Who Is Harry Nilsson (And Why Is Everybody Talkin' About Him)? movie review

Who Is Harry Nilsson (And Why Is Everybody Talkin' About Him)?

Harry Nilsson was a brilliant but troubled pop phenom (singer, songwriter, arranger, producer) who had it all and came damn close to pissing it all away before his too early death in 1994. Director John Scheinfeld's documentary look at the late Nilsson is one of those occasional examples of its genre that transcends the Inside the Music gimmickry, although perhaps just barely. On the one hand, the film is a cautionary too-much-too-soon story that was a cliché even before what Casey Kasem refers to as the Rock Era; on the other hand, it also has enough touching, amusing and/or appalling episodes to make it compulsively watchable. It helps, of course, that the guy at the heart of it really was a musical genius who deserves the posthumous props. Theatrical prospects should be solid in the short run, but expect a long and profitable life on DVD.

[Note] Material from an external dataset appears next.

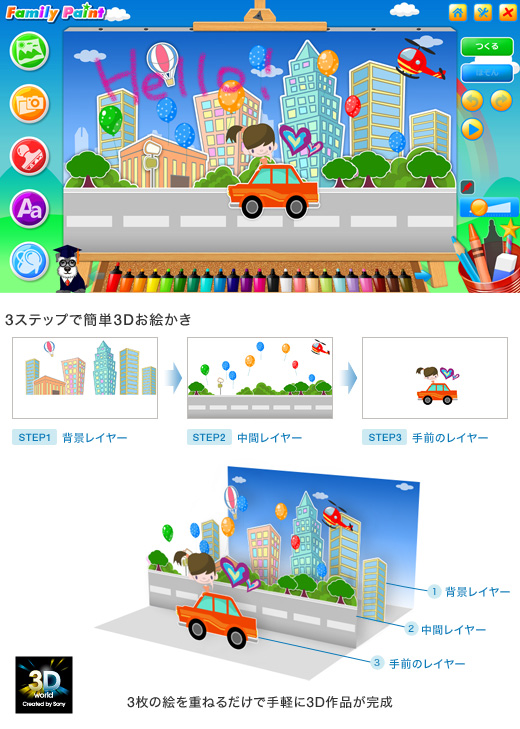 「Family Paint」は、誰でも手軽にお絵かきを楽しめるソフトウェア。タッチパネル対応なので、紙に絵を描く感覚で画面に直接触れて楽しめます。動物や乗り物などのスタンプや楽しいテンプレートが満載。写真を取りこんで、メッセージやイラストを入れることもできます。また、3D対応モデルは「Family Paint 3D」を搭載し、3ステップで簡単に3D効果がついた作品を作ることができます。
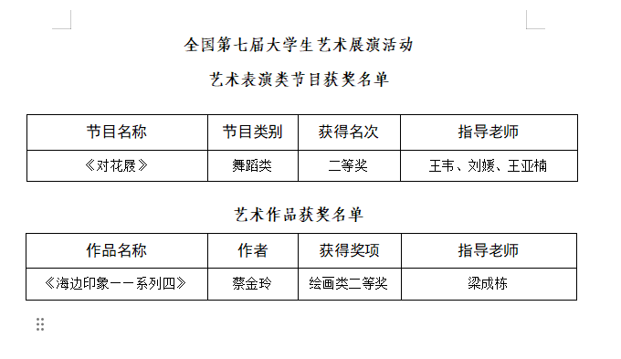 近日,教育部办公厅公布了2024年全国第七届大学生艺术展演活动优秀组织奖及各项目评选结果。我校《对花屐》荣获全国第七届大学生艺术展演活动艺术表演类节目二等奖;《海边印象——系列四》荣获全国第七届大学生艺术展演活动艺术作品类节目二等奖;学校荣获全国第七届大学生艺术展演活动高校优秀组织奖。

Nilsson's hit singles were landmarks ("Without You"), his albums were massively successful (Nilsson Schmilsson went multi-platinum) and the songs he wrote for other artists ("One," for Three Dog Night) still bear his name before that of the band that played them. For all Nilsson's radio and album ubiquity, particularly in the first half of the '70s, Nilsson was pretty much dismissed as a has-been at the time of his death, more famous for a series of legendary (and legendarily self-destructive) escapades than for his music; the most famous of these incidents involves the night a plastered Nilsson and drinking pal John Lennon heckled the Smothers Brothers during what was supposed to be a comeback club show (Dick and Tommy Smothers, who are among the talking heads director Scheinfeld interviews here, still seem bitter about the incident, probably with good reason). Still, Nilsson's music never really disappeared from the radio (the film's title comes from his first big hit, the theme from the movie Midnight Cowboy), and there's been a sort of groundswell of critical reappraisal for his work of late, which gives the film a surprising topical edge.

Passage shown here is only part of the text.